A third misconception worth clarifying is that Egypt-US relations are a one-sided operation. The fact of the matter is that this partnership is vital for the US in the Middle East, now and in the future. For the past two decades, this relationship has been the driving force behind regional peace, stability and prosperity. Egypt's historical and cultural legacy has given it a special role from the African shores of the Atlantic to the Gulf and to the heart of Africa -- an area of great strategic interest to the US.

Egypt appreciates American assistance, which has benefited Egyptian economic reform programme and helped give birth to a vigorous private sector. It has also encouraged the development of a vast network of economic interests. But it should also be stated that for every dollar of US assistance, Egypt imports around $4 worth of US products. Again, the Egyptian-American relationship has served both countries well.

On military cooperation, officers on both sides affirm that Egyptian and US establishments work together in a way that reflects increasing understanding and appreciation of joint priorities. Operation Bright Star is one of the largest military exercises the US has embarked upon with any of its foreign partners.

It should also be made clear that the road between Washington and Cairo is a straight one. Egyptian-US strategic ties are crucial in their own right and should not be held hostage to any other relationship, for this will not only undermine mutual interests, but even jeopardise regional stability as a whole.
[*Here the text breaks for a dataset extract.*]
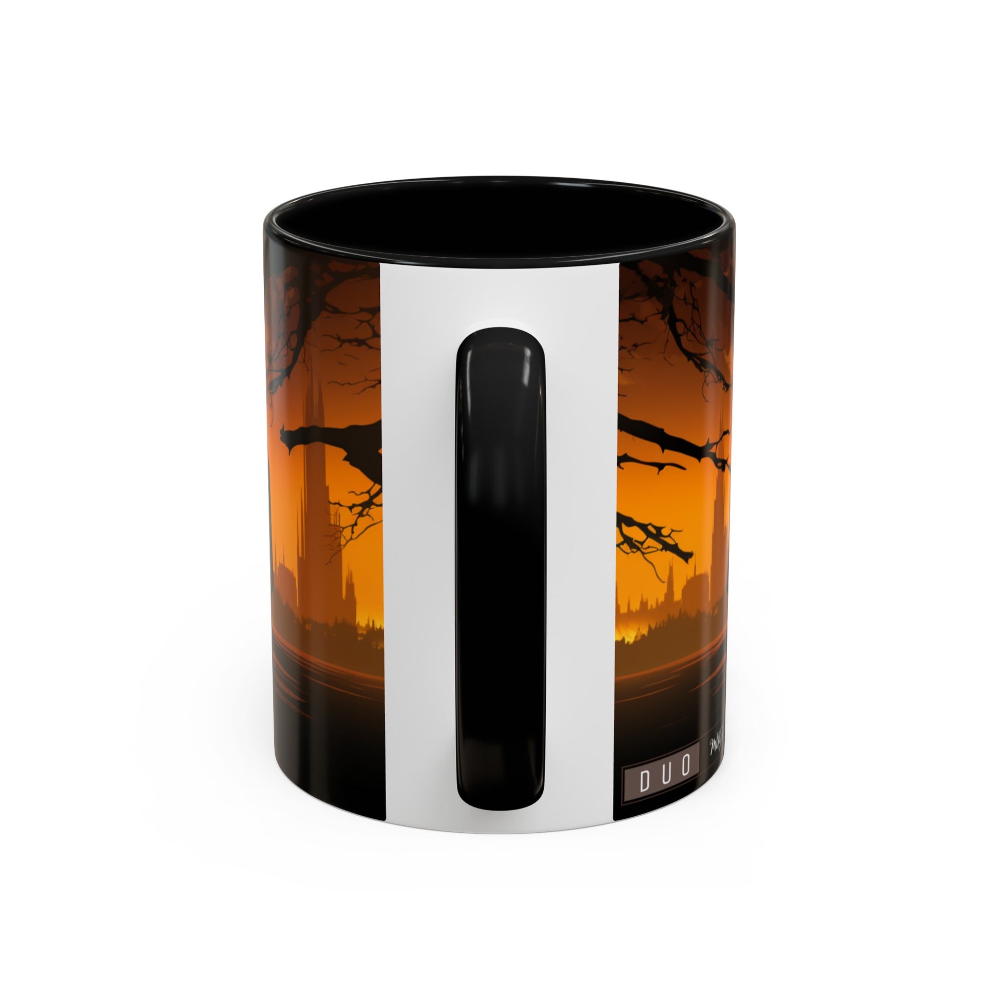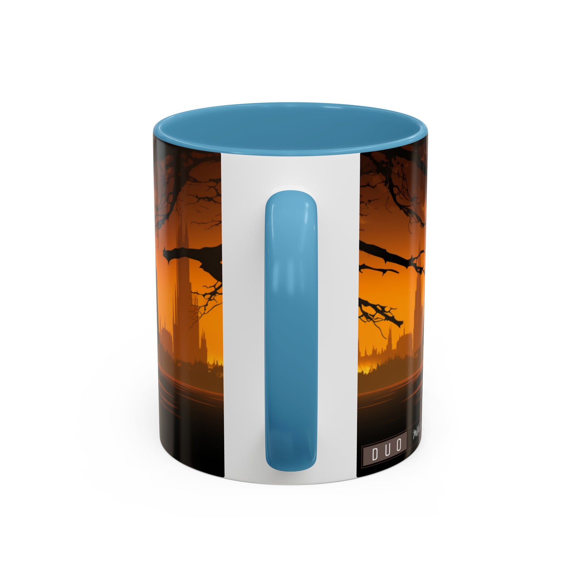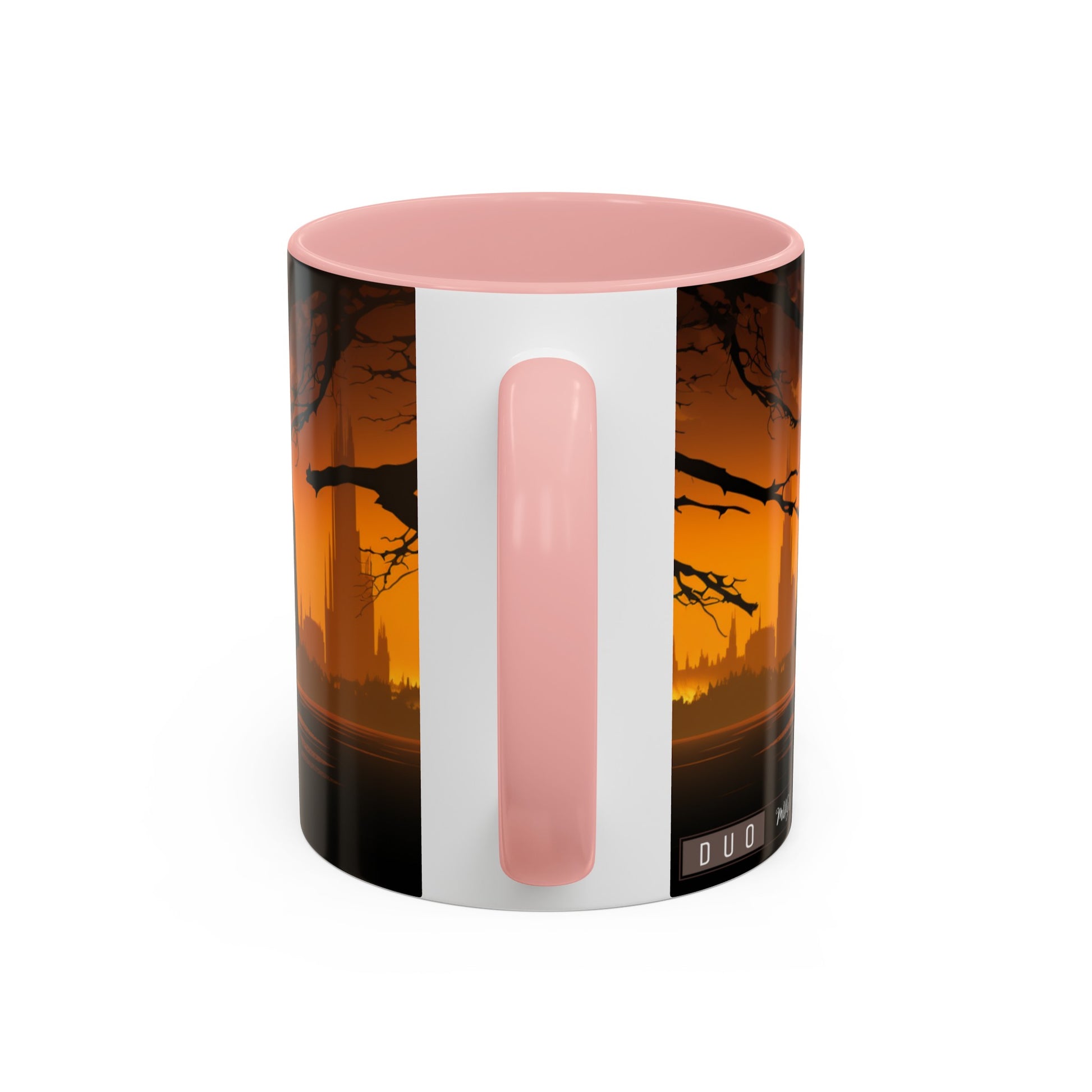 Add some color to your routine with this two-tone, custom accent coffee mug. This 11oz mug features an accented C-Handle that is comfortable to use, as well as an accented interior to add more contrast and character. With your design on this mug, you get an instant winner of a product.

The sphere of agreement and understanding between Egypt and the United States far exceeds any areas of difference. The argument that Egypt and the US need to agree on all issues so as not to weaken their ties is wrong, however. Differences between Cairo and Washington on certain issues are to be expected. After all, the US is a global power with international interests. Egypt, meanwhile, is a regional power whose interests are closely linked to the Arab and Muslim worlds, the African continent and the Mediterranean. It has a bedrock of experience in the Middle East. Egypt's assessment of regional events helps the cause of stability and prosperity -- a cause both the US and Egypt hold dear. This said, Egypt appreciates the US's vision and recognises its global leadership. Together, Egypt, the US and other concerned parties can help to bring stability to the Middle East. In fact comprehensive peace and stability are integral components of a new vision for this region.